Lagrangian duality transforms a constrained optimization problem into an unconstrained one by pricing constraint violations. The resulting dual problem always provides a lower bound on the original (primal), and under mild conditions (Slater's) the bound is tight. The KKT conditions are the first-order equations that characterize optimality — and their sparse structure (complementary slackness) is why SVMs have support vectors and why LASSO selects features.

Concepts

The feasible region of an LP is a convex polytope. The optimal solution always lies at a vertex. The objective function sweeps as a hyperplane — the last vertex it touches is optimal.

Optimal: (2,2) with objective value 4. Blue dashed = constraints. Green solid = optimal iso-line (c·x = 4).

Suppose you want to minimize cost subject to constraints. A government building a road wants minimum cost, but must respect budget limits and land area. Economic theory says: instead of directly solving the constrained problem, you can price the constraints — assign a cost per unit of constraint violation — and then solve a simpler unconstrained problem. If you price constraints correctly, the constrained and unconstrained optima coincide. This is Lagrangian duality, and the optimal prices are the KKT multipliers. The SVM, LASSO, and LP all become their most revealing forms in the dual — because the dual variable structure makes the solution's geometry visible.

The Optimization Problem and Its Lagrangian

The standard form optimization problem:

\begin{aligned} \min_{x \in \mathbb{R}^n} \quad & f_0(x) \\ \text{s.t.} \quad & f_i(x) \leq 0, \quad i = 1, \ldots, m \\ & h_j(x) = 0, \quad j = 1, \ldots, p. \end{aligned}

The Lagrangian augments the objective with constraint penalties:

$\mathcal{L}(x, \lambda, \nu) = f_0(x) + \sum_{i=1}^m \lambda_i f_i(x) + \sum_{j=1}^p \nu_j h_j(x),$

where $\lambda \in \mathbb{R}^m_{\geq 0}$ are dual variables (or Lagrange multipliers) for inequality constraints and $\nu \in \mathbb{R}^p$ for equality constraints. The dual variables can be interpreted as prices: $\lambda_i$ is the cost per unit of violating constraint $i$ .

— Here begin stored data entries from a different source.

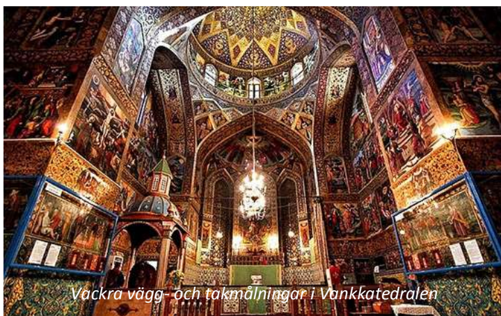
Vackra vägg- och takmålningar i Vankkatedralen

Er stadsrundtur i Isfahan fortsätter på morgonen då ni först besöker Vankkatedralen i stadsdelen Djolfa. Denna katedral uppfördes under Kung Shah Abbas I till förmån för de många armeniska immigranter som varit på flykt efter Ottomanska kriget, 1603-1605. Armenierna har full frihet att utöva sin kristna religion mitt inne i det annars islamska Iran. Katedralen är en blandning av islamisk-persisk och kristen-europeisk stil och de dekorativa interiörerna är magnifika!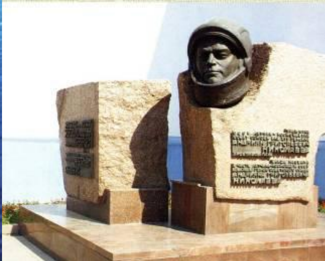
Памятник А.Г. Николаеву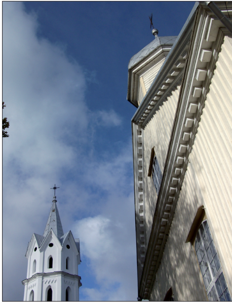
Svėdasų Šv. arkangelo Mykolo bažnyčia ir varpinė.

O kur mūsų miestelio diena, kur visus po pasaulį išsiblaškusius svėdasiškius sutraukianti į tėviškę šventė?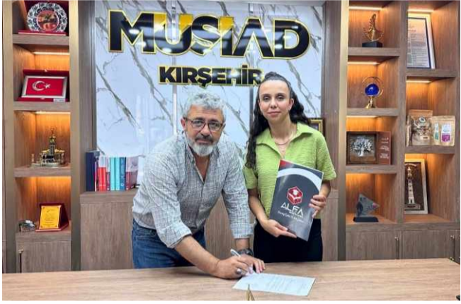
Kırşehir'de faaliyet gösteren özel eğitim kurumlarından Alfa Eğitim Kurumları ile MÜSİAD Kır-

Alfa Eğitim Kurumları ve MÜSİAD Kırşehir'in bu iş birliği, Kırşehir'deki eğitim sektörüne yeni bir ivme kazandırma amaçlarken, gelecekte de benzer iş birliklerinin devam edeceği sinyallerini verdi. (FİLİZ ÖZ)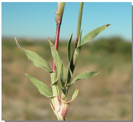
T. racemosus . Detalle de las hojas basales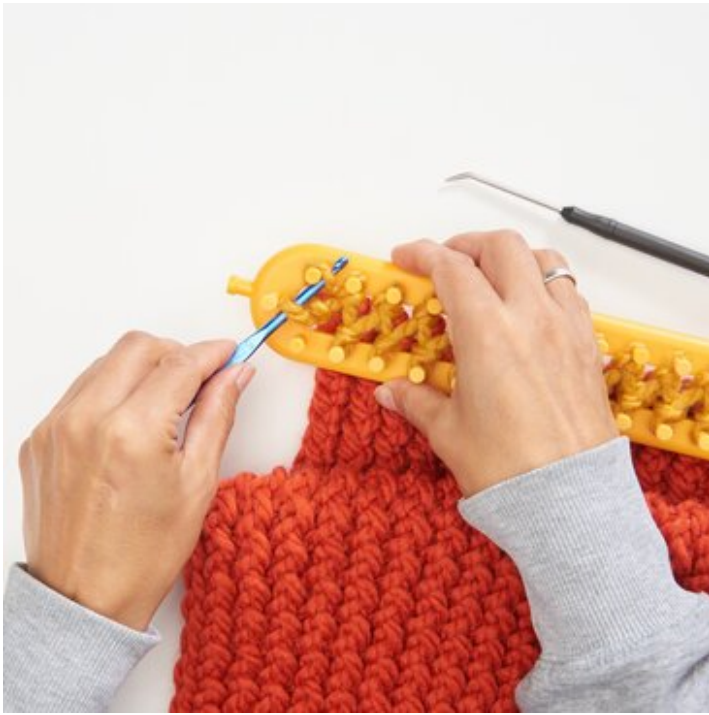
3 ...und zweite Masche auf einer Nadel.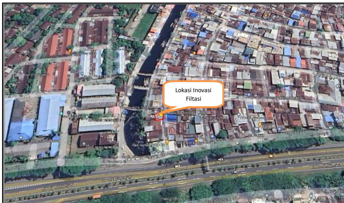
Gambar 1. Lokasi Pelaksanaan Kegiatan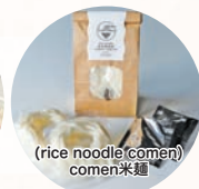
(rice noodle comen) comen米麺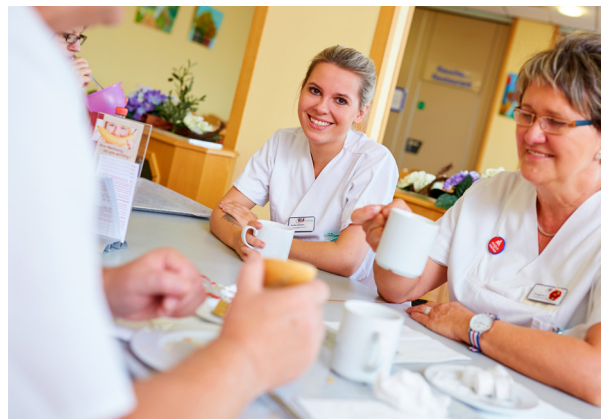
Zusammenarbeit team- und abteilungsübergreifend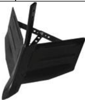
Accesoriu deschis rigole reglabil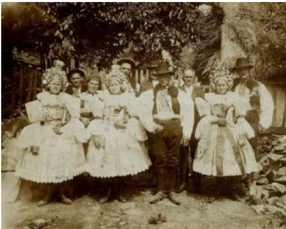
Obr. 142 Obřadní kroj Ostrožska – volně lomené rukávce žen bez vycpávek s obřadním pentlení dívčích hlav. Blatnice pod Sv. Ant., počátek 20. století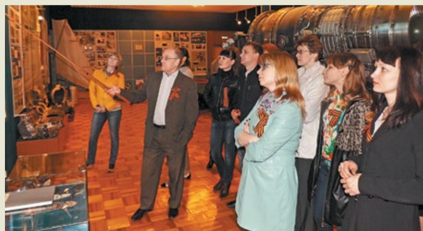
Вручение георгиевских ленточек в ОАО «Тюменские моторостроители» совместили с экскурсией в заводской музей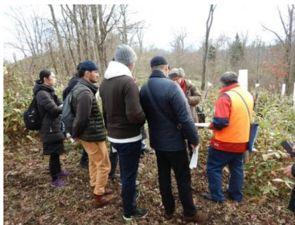
▽自然再生箇所(笹地10)の説明

研修員からは、「地域住民やボランティア団体、学校、企業などとの協働の取り組みは興味深く参考になりました。自分の国でもできれば実施してみたい。」「自然に帰るものとして、植物の「ヨシ」を編んで保護管を作ったりしている。他の材料でもやってみたい。」など積極的な意見や考え方等の提言がありました。質疑応答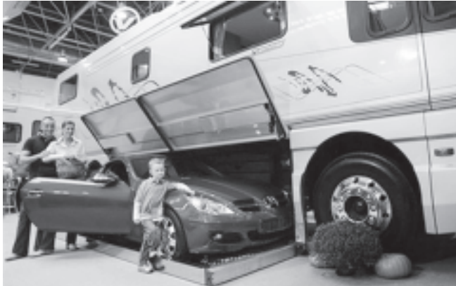
ကုမ္ပဏီနှင့်အဆောက်အအုံတို့တွင် ကျင်းပသည့် အပြည်ပြည်ဆိုင်ရာ လူနေယဉ်ပြပွဲတွင် ကားသိမ်းဆည်းရန် နေရာ ထည့်သွင်းတည်ဆောက်ထားသည့် ယာဉ်တစ်စီး ပြသထားသည်ကို မြင်ရုံ ၂၅ ရက်က တွေ့ရစဉ်။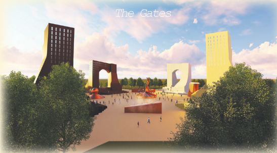
Lucrarea de artă monumentală „Porțile” propusă pentru a deveni simbolul Capitalei Culturale Europene 2021.

Cu multă plăcere pentru oamenii comunei mele.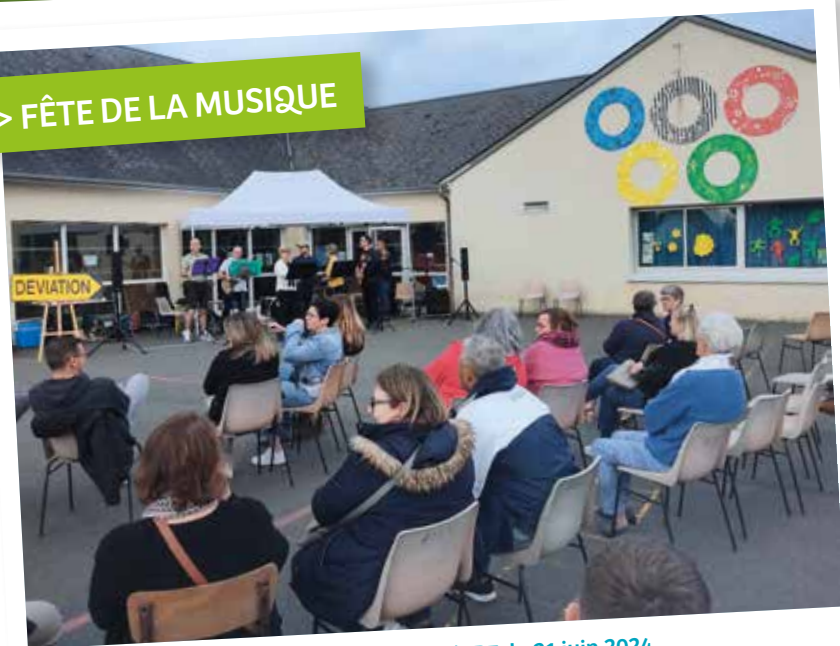
Organisation de la fête de la musique par l'APE, le 21 juin 2024.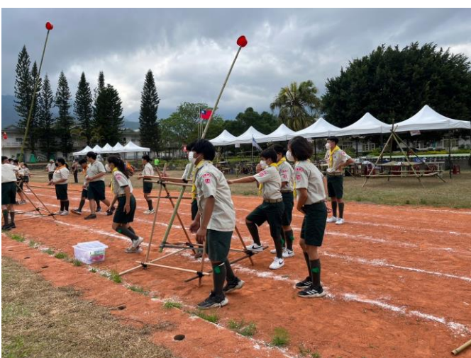
照片說明：羅馬砲投擲競賽。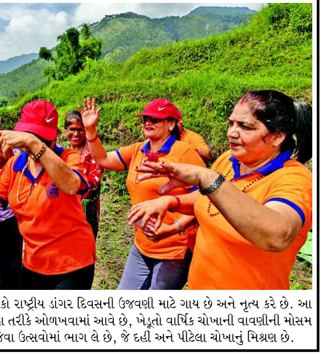
નેપાળના કાઠમંડુના ટોપામાં લોકો રાષ્ટ્રીય ડાંગર દિવસની ઉજવણી માટે ગાય છે અને નૃત્ય કરે છે. આ દિવસે, જેને સ્થાનિક રીતે અસર પાંદરા તરીકે ઓળખવામાં આવે છે, ખેડૂતો વાર્ષિક ચોખાની વાવણીની મોસમ શરૂ કરે છે અને દહીં ચિઉરા ખાવા જેવા ઉત્સવોમાં ભાગ લે છે, જે દહીં અને પીટલા ચોખાનું મિશ્રણ છે.

કરવાના હવાલિયાં મારી રહ્યું છે, જે જોતાં ભારતની આ વ્યૂહાત્મક ચાલ ખૂબ જ મહત્વપૂર્ણ બની રહેશે. હાથે ના ગ્રે લિસ્ટમાં સામેલ દેશો પર આંતરરાષ્ટ્રીય સ્તરે ખાસ અને કડક દેખરેખ રાખવામાં આવે છે. આવા દેશોએ મની લોન્ડરિંગ અને આતંકવાદી ફંડિંગ રોકવા માટે નિર્ધારિત સમયમર્યાદામાં સુધારા કરવા પડે છે. જો કોઈ દેશ આ નિયમોનું પાલન ન કરે, તો તેના પર વૈશ્વિક આર્થિક પ્રતિબંધો અને આંતરરાષ્ટ્રીય સ્તરેથી મળતી લોન અટકી જવાનું મોટું જોખમ ઊભું થાય છે, જેનાથી પાકિસ્તાનની કંઠાળ આર્થિક સ્થિતિ વધુ બગડી શકે છે.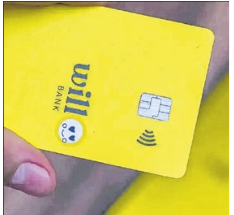
Cartões do Will foram desativados após liquidação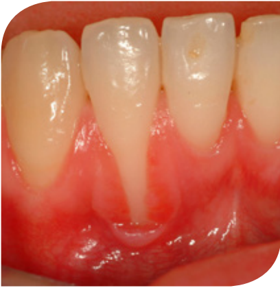
Voor de behandeling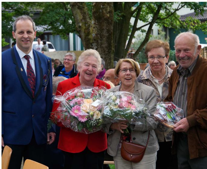
Die Auer Jubilare wurden bereits am 10. Mai 2014 im Rahmen des Muttertagkonzertes des Musikvereins Konkordia Au geehrt.

Die Politische Gemeinde Au hat seit vergangenem Jahr die Tradition der ansässigen Musikvereine aufgegriffen, die Dorfjubilare gemeinsam zu einem Konzert einzuladen. Dort werden sie durch den Gemeindepräsidenten Stefan Suter geehrt. Für die Heerbrugger Jubilare, die in diesem Jahr ihren 80., 90., 95. oder höheren Geburtstag feiern, findet das Konzert am Samstag, 14. Juni 2014, um 16.00 Uhr im Pavillon beim Schulhaus Blattacker anlässlich des Frühlingkonzerts des Musikvereins Heerbrugg statt. Die Jubilare vom Alters- und Pflegeheim Hof Haslach werden am 5. Juni 2014 geehrt.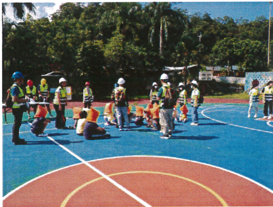
地點：操場 時間：112年9月21日 說明：集學生依據廣播指示，安靜迅速移動至避難地點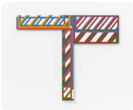
Maurer Dóra műve

Maurer Dóra a magyarországi neoavantgárd kiemelkedő alkotója. Művészete, pedagógiai és határokat átívelő művészetközvetítő tevékenysége mind a hazai, mind pedig a nemzetközi szintér meghatározó alakjává tette. A balatonfüredi Vaszary Galéria korai grafikai munkáiból, konceptuális fotóműveiből, filmjeiből és festményeiből mutat be sokrétű válogatást.

Key property. For any primal feasible $x$ (satisfying all constraints) and any $\lambda \geq 0$ , $\nu$ :

$f_0(x) \geq \mathcal{L}(x, \lambda, \nu) \geq \inf_{x'} \mathcal{L}(x', \lambda, \nu).$

The Dual Function and Dual Problem

The Lagrange dual function is:

$g(\lambda, \nu) = \inf_{x \in \mathbb{R}^n} \mathcal{L}(x, \lambda, \nu).$

Critical observation. $g$ is always concave (infimum of affine functions in $(\lambda, \nu)$ ), regardless of whether $f_0, f_i$ are convex. This makes the dual problem always a concave maximization — which is convex after negation. This is the algebraic reason duality is so powerful: even if the primal is non-convex, you can always construct a convex dual. The dual may not be tight (strong duality may fail), but it always provides a lower bound and is always tractable to optimize.

The Lagrange dual problem is:

$\max_{\lambda \geq 0, \nu} \; g(\lambda, \nu).$

The dual optimal value $d^*$ and primal optimal value $p^*$ satisfy weak duality: $d^* \leq p^*$ . The duality gap is $p^* - d^* \geq 0$ .

Strong Duality and Slater's Condition

Strong duality: $d^* = p^*$ — the duality gap is zero.

Slater's constraint qualification (CQ). For a convex primal problem ( $f_0, f_i$ convex, $h_j$ affine), if there exists a strictly feasible point $\tilde{x}$ with $f_i(\tilde{x}) < 0$ for all $i$ and $h_j(\tilde{x}) = 0$ , then strong duality holds.

Strong duality for LPs holds always (no constraint qualification needed). For SDPs, Slater's condition or strict feasibility of both primal and dual suffices.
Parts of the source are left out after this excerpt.